* WHAT YOU HAVE TO DO *
Copy out exactly the lines beginning with the one that contains "Эмаль Ferrum для" and ending at the last line of the listing, skipping any pictures.

* DATA PROVIDED *
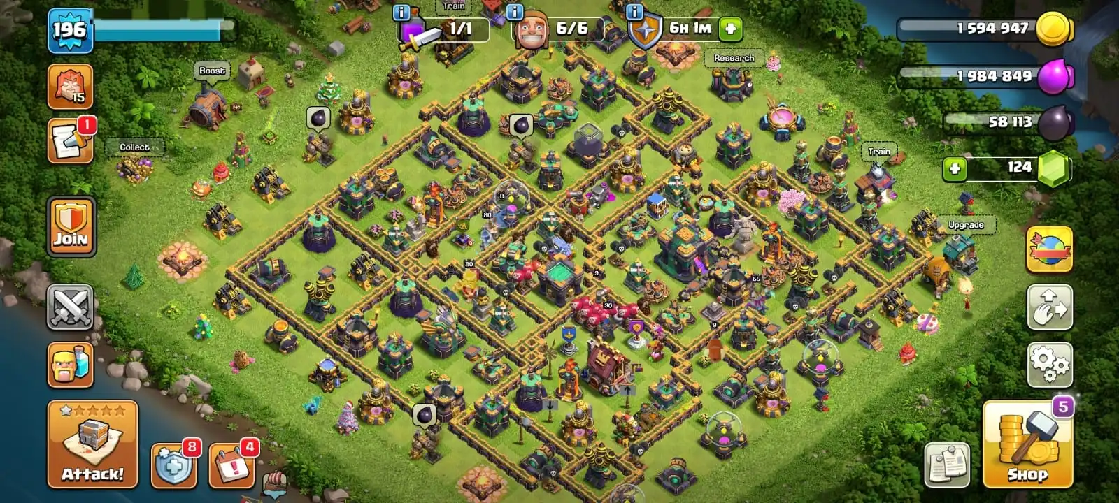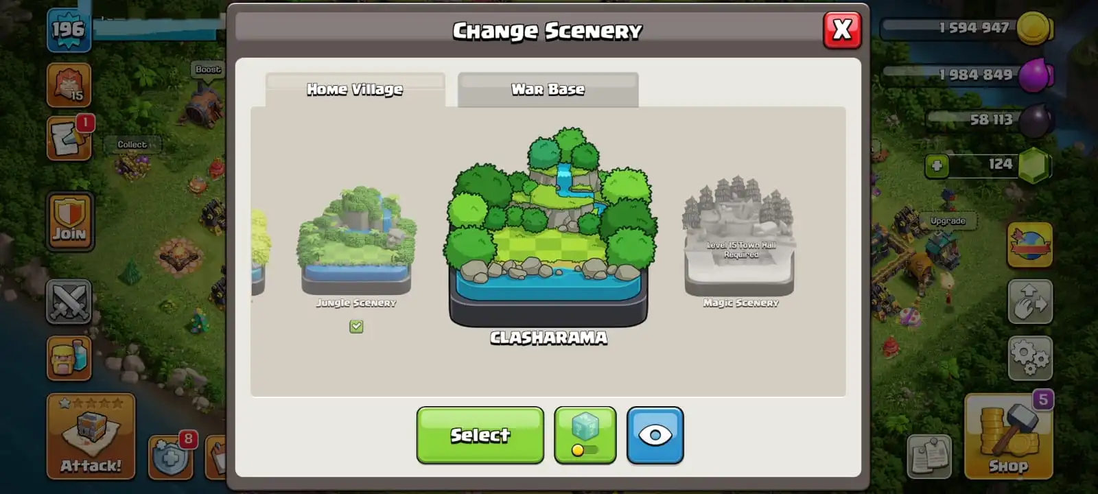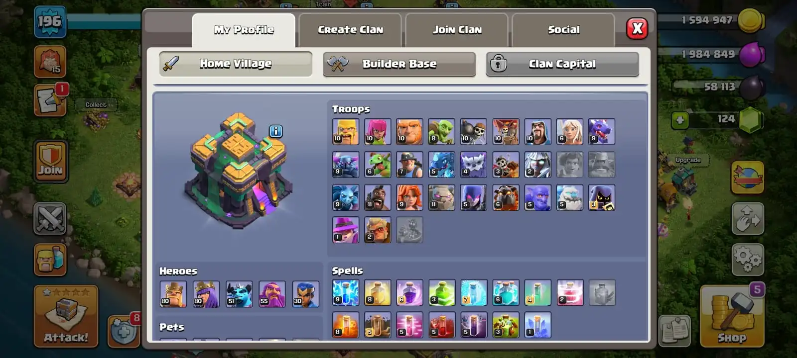 TH 14 DEFD MAX🔥MENDALS 365🔥HEROES 80-80-51-55-30 FROZEN ARROW & MAGIC MIRROR & FIRE BALL & ROCKET SPEAR ON🔥JUNGLE & CLASHRAMA SCENERY🔥MAGIC ITEMS READY🔥FULL ACCESS ACCOUNT🔥
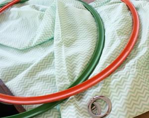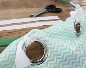 - Haal een strook stof door een ring en bevestig het gordijn (met een dubbele knoop) hiermee aan de hoepel.
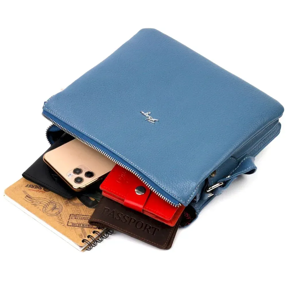 Небольшая женская сумка на плечо KARYA 20891 кожаная Голубой
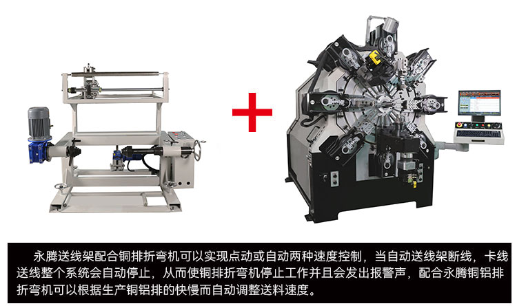 桶式料架是配合銅排折彎機生產(chǎn)銅排之用,采用變頻器技術(shù)與本公司的CNC控制系統(tǒng)控制技術(shù)相結(jié)合的控制方式,有助于提高生產(chǎn)銅排的精度與速度,同時也可以作為其它機器送料之用。本設(shè)備配合永騰銅排折彎機可以實現(xiàn)點動或自動兩種速度控制,當(dāng)自動送線架斷線、卡線,送線整個系統(tǒng)會自動停止從而使銅排折彎機停止工作并且會發(fā)出報警聲,配合本公司的銅排折彎機可以根據(jù)生產(chǎn)銅排的快慢而自動調(diào)整送料速度。
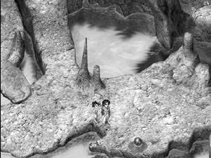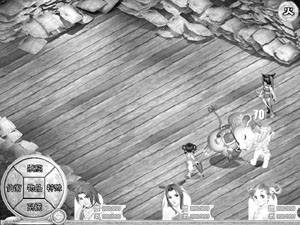 石头上的封印因为小虎的血而打开,两人进入洞穴,发现此处别有洞天,原来这里是一座陵墓,而怪物就盘踞于此。进入怪物的洞穴要找到四块大的石板。目前只有左下角的门敞开着,二人进入其中,走到漂浮着一块大石板的地方,进入战斗。敌人是两只鬼魂和一个大石板,两只鬼魂比较好解决,干掉它们后,让小虎疗伤,然后用苏媚的魔法攻击,一次打掉100左右的HP,几下就可以消灭石板,战斗胜利后得到绿色石板。
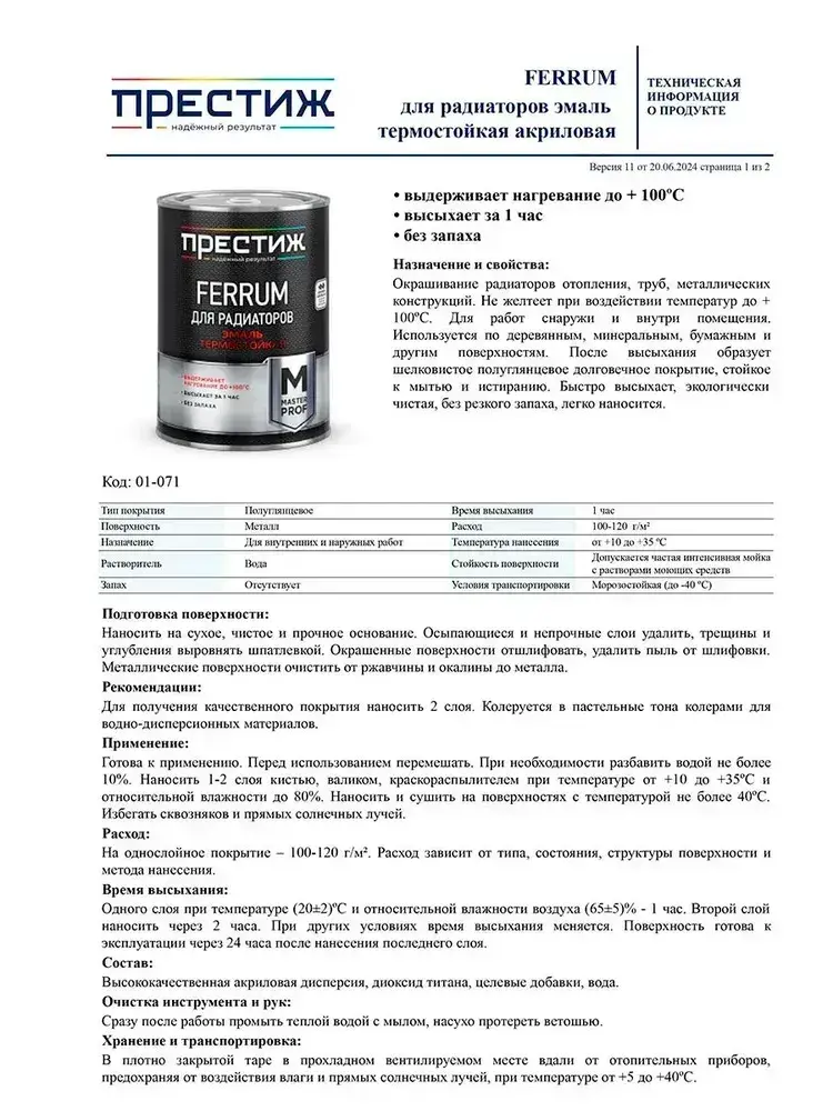 Эмаль Ferrum для радиаторов термостойкая, быстросохнущая, Белая 0,9 кг
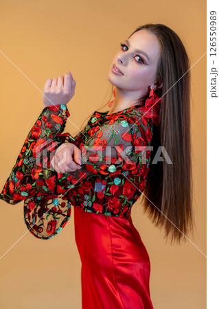 This is an Elegant Fashion Portrait featuring Vibrant Colors and Intricate Floral Patterns
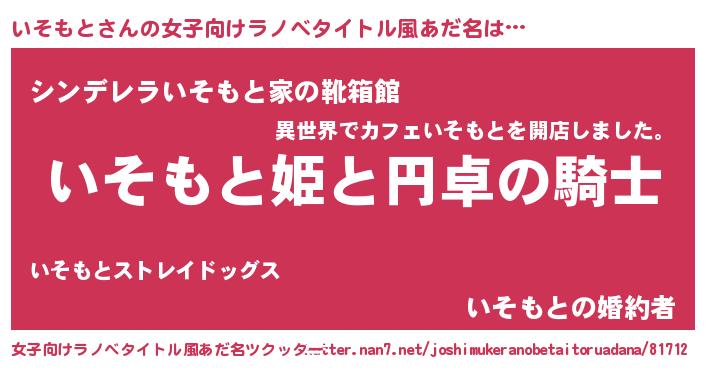 | 男性向けラノベタイトル風あだ名 | 『いそもとの憂鬱』 |
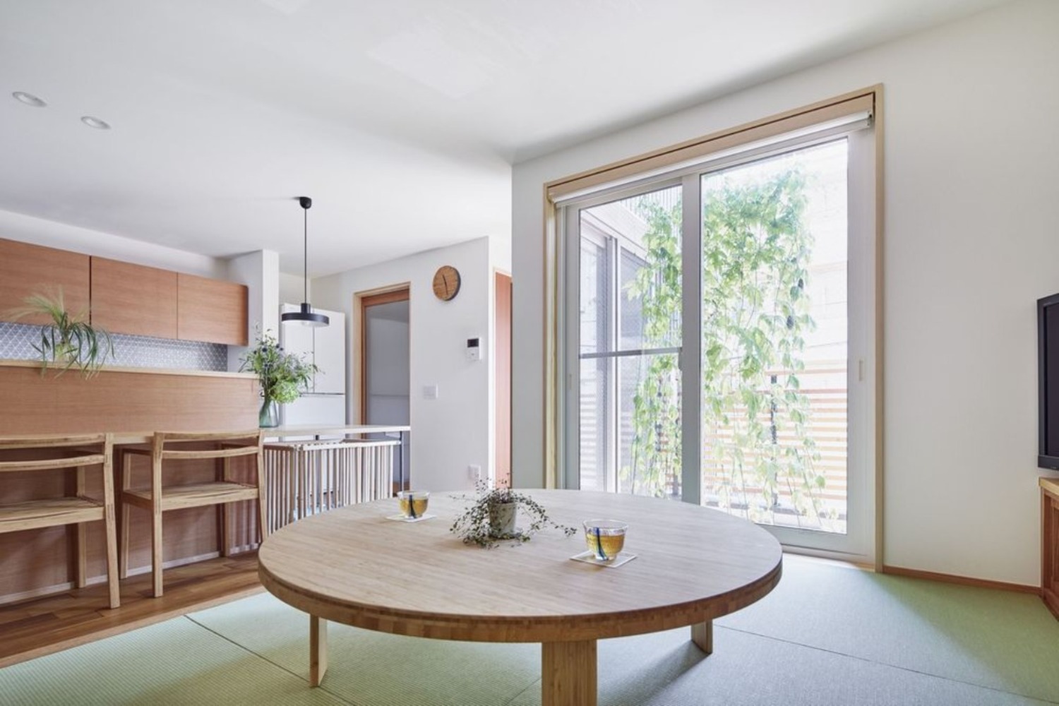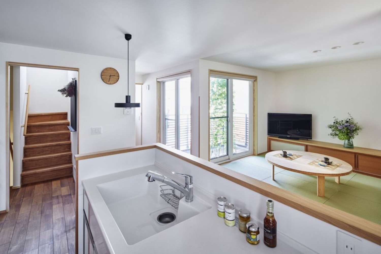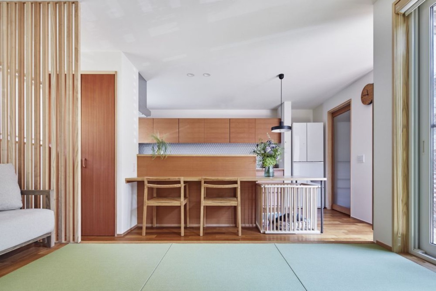 二世帯の暮らしをつなぐために、LDKは2階に配置し、バルコニーをL型のプランで囲い空間の認識が外へと広がるようご提案。リビングは小上がりの畳コーナーという形で配置し、畳でもソファーでもゆっくりとくつろぐことが可能です。また、ミニチュア・ダックスフントと一緒に暮らすF様のために、キッチン横に造作したダイニングカウンターの下をワンちゃんスペースとしても活用しています。

* EXERCISE ANSWER *
 Эмаль Ferrum для радиаторов термостойкая, быстросохнущая, Белая 0,9 кг
 This is an Elegant Fashion Portrait featuring Vibrant Colors and Intricate Floral Patterns
 | 男性向けラノベタイトル風あだ名 | 『いそもとの憂鬱』 |
 二世帯の暮らしをつなぐために、LDKは2階に配置し、バルコニーをL型のプランで囲い空間の認識が外へと広がるようご提案。リビングは小上がりの畳コーナーという形で配置し、畳でもソファーでもゆっくりとくつろぐことが可能です。また、ミニチュア・ダックスフントと一緒に暮らすF様のために、キッチン横に造作したダイニングカウンターの下をワンちゃんスペースとしても活用しています。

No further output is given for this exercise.